Including sexual health within the curriculum provides students with the tools and resources required to inform and empower positive choices. By implementing this subtle, yet significant, shift in approach to educating young males about their sexual health and emotional literacy, WiseGuyz has earned a reputation for being a promising model for relationship change and a reduction in homophobia, bullying and violence.


Insight Theatre: Peer-to-peer, youth-led sex ed theatre troupe

For the past two-and-a-half years, I’ve been heading up a peer-to-peer, youth-led sex ed theatre troupe with Planned Parenthood Ottawa called Insight Theatre. Each year, we train a new group of high school youth in sexual and reproductive health, anti-oppression and performance skills. Once the youth are trained, they take the lead in creating a series of 15 or so skits on sex ed topics that they present to other youth at schools and community centres.

I’ve learned a lot in working with this project, but one of the most valuable lessons has been how youth access sexual health info and who they trust to get it right. In 2011, the Ontario Student Trustees Association reported that nearly half of all students were dissatisfied with the school-based sexual health education that they had received. The organization surveyed middle school and high school students across Ontario and found that 45% of respondents did not find their sex education classes to be useful or relevant to their own experiences. At the local level, the Ottawa Youth Sex Survey 2.0 found that 47% of participants did not feel comfortable seeking sexual health information from their teachers. But, this same group of respondents ranked schools as one of the top five locations in which they were likely to seek sexual health information.

Study after study has shown us that youth predominately get their information from peers and the internet. It is of course important to arm teachers, parents and other adults with accurate, evidence-based sexual health information, but we also need to equip youth with detailed sexual health info so that they can make the best use of this tendency toward peer-to-peer knowledge-sharing.

In my first year in this job, I started noticing how much casual, day-to-day peer education was happening between the Insight troupe members and their friends and classmates. In the bathroom at school and on a couch at a party, the troupe members were handing out free condoms, correcting misinformation and giving people info on where to go for STI testing, abortion care and affordable contraception. So we decided to formalize that part of the program. We gave the troupe members condoms to keep in their backpacks and created an information package so that they had the info they needed to refer their peers to local sexual and reproductive health (SRH) services as questions came up.

If youth are more comfortable talking to other youth about sex, then let’s train youth to talk to other youth about sex. There are lots of great sex education initiatives out there but, when it comes to really engaging youth, you have to pay attention to what they do and why. Youth trust word of mouth. They trust their friends. They trust the internet. Unless someone they trust has vouched for you, or you’ve proven upside down and sideways that you can be trusted, you’re not likely to get very far in terms of giving advice or being seen to have credible information.
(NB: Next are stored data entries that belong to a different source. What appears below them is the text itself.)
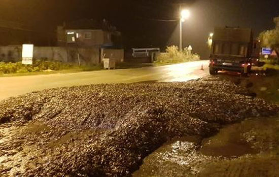 Bursa'nın İznik ilçesinde hamsi yüklü TIR'ın dorsesinin kapağının açılması üzerine tonlarca hamsi otoyola döküldü. Trafiğe kapanan otoyol, dökülen hamsilerin belediye ekiplerince kepçe ile toplanıp, yıkanmasının ardından ulaşıma açıldı.
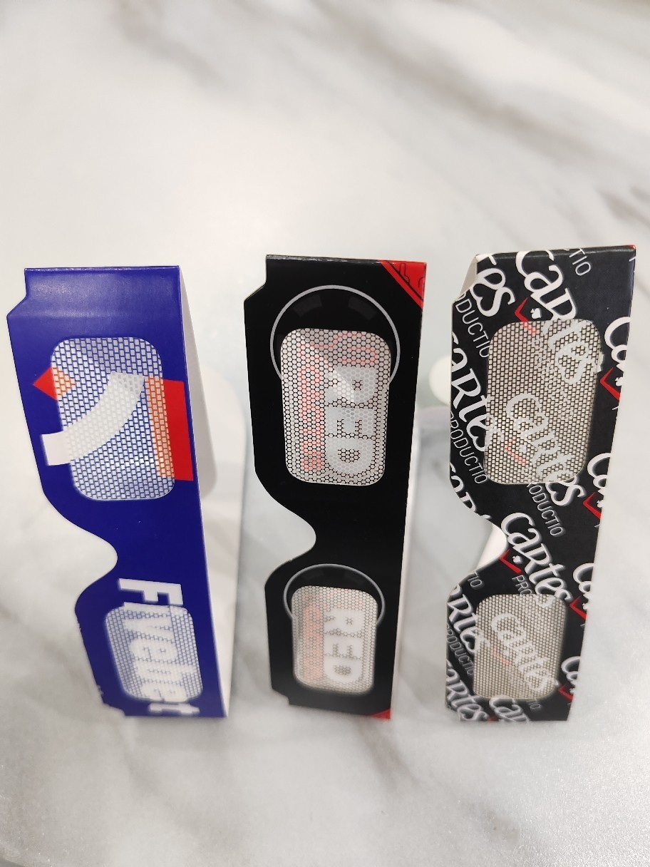 Одноразовые бумажные карты, красные и синие 3D-очки, дифракционные фейерверки, спектр, спецэффекты, сердце
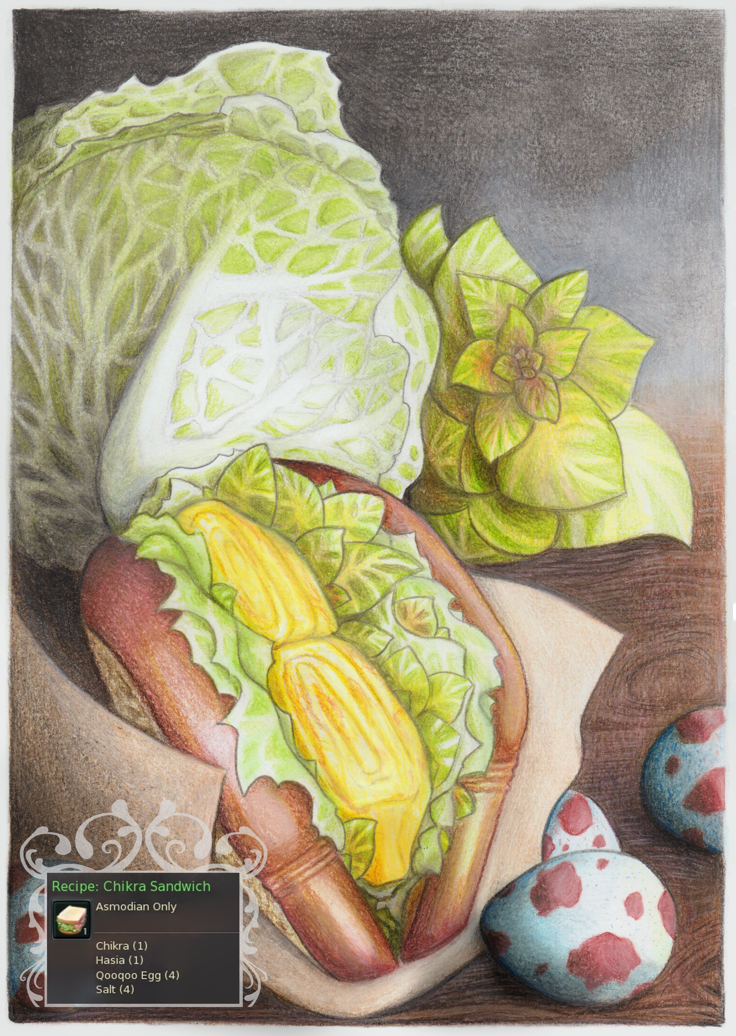 ------OG Published: Apr 7, 2023 / MMORPG Aion published by NCsoft ------ 🙥 Chikra Sandwich 🙧 Using a soft, mild and tender bread, made by scaling a portion of the flour in a recipe with boiling water. This method gelatinizes the starch, making the crumb of the bread soft and airy, so it stays not only softer for longer, but the loaf gains a nicely baked ‘skin’ instead of a crust. The dough is also left to rise at a low temperature for a long time, before a long steaming process, which gives it its moist and mellow texture. Before using it as the base of the sandwich, it is recommended to toast the slices of bread, giving it a crisp surface. Next up is the Chikra. A very versatile plant, found in Morheim and prefers temperate and warm, sandy ground. It doesn't need much water and is salt tolerant. Harvested and used for its cabbage like properties, it also makes for nice raw use. Clean and cut one big leaf as a first layer. The next layer will be that of Hasia leaves. Hasia is a fresh herbal plant, mostly used in the field of alchemy and if rumors are true, even for making secret remedies. It too shares traides with the former mentioned Chikra, though its distribution is at the Salintus Desert. Known for the huge, bulbous, succulent stem it shares with other members of its herbal family, this plant's water reserve is easy to spot at deserts grounds. Now to our four Qooqoo eggs. Cracked and whisked in a bowl with some salt, they then will be fried without any further disturbance, other than folding it . Bit by bit, the rest of the mixture will be added, creating a rolled omelet. For a final touch, the folded omelet sides will be fried, while also pressing it into shape. Let it cool for about 5 minutes, to achieve a nice clean cut.It will make for the centerpiece of the Sandwich, which means next up is again a layer of Hasian and then Chikra. A nice, refreshing herbal Sandwich, not too heavy, even though its omelets center. ------ Drawn on paper and colored pencils / Traditional / Recipe done in Paint Tool Sai ------0 Comments 0 Shares 25 Views -
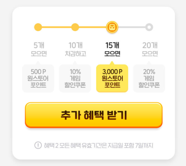 여기서 저희가 모을 것은 15개를 모으면 받을 수 있는 3000 포인트입니다.
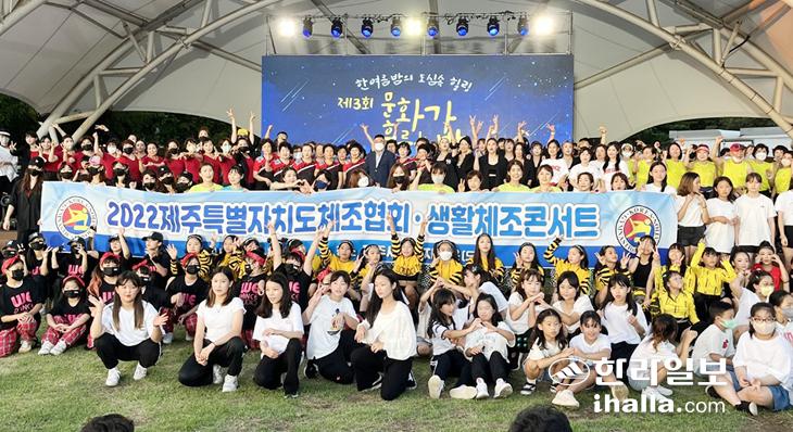 제주특별자치도체조협회(회장 강창용)는 지난 21일 제주시민복지타운 야외공연장에서 16개팀 250여명이 참가한 가운데 2022 제주특별자치도체조협회 생활체조콘서트를 개최했다. 강창용 회장은 "이번 생활체조 콘서트 개최를 통해 무더위에 지친 도민들에게 힐링의 시간이 되길 바라며, 남녀노소를 불문하고 다양한 계층이 생활체조를 즐기면서 건강하고 활력넘치는 지역사회가 되기를 소망한다"고 말했다.
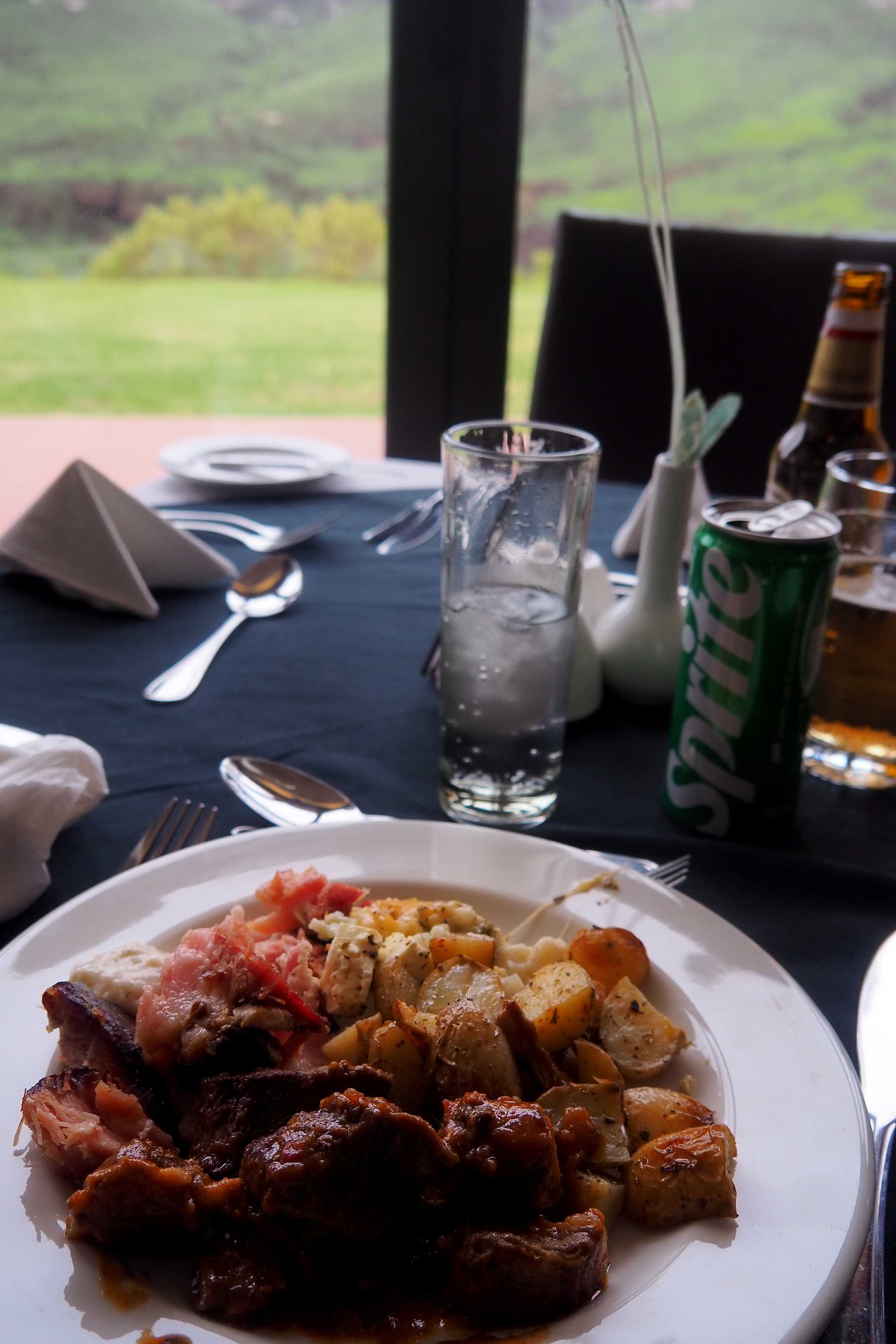 Déjeuner sur le pouce au restaurant Tom's place, après la ville de Bloemfontein.

Another big lesson I’ve learned in this job is that sex ed tends to go better when you indulge in a little infotainment. Over my last 15 years as an educator, I’ve noticed how much deeper arts-based educational initiatives go when it comes to youth and the ways they integrate information. Want to talk about anti-oppression? Analyze pop songs. Want to discuss consent? Show clips of TV shows. And, if you want them to listen when you talk about sex, present them with scenes that look and sound like their lives. Quote the TV shows they like, make reference to the songs they’re listening to and give them a chance to talk to their peers about what they’re thinking and feeling.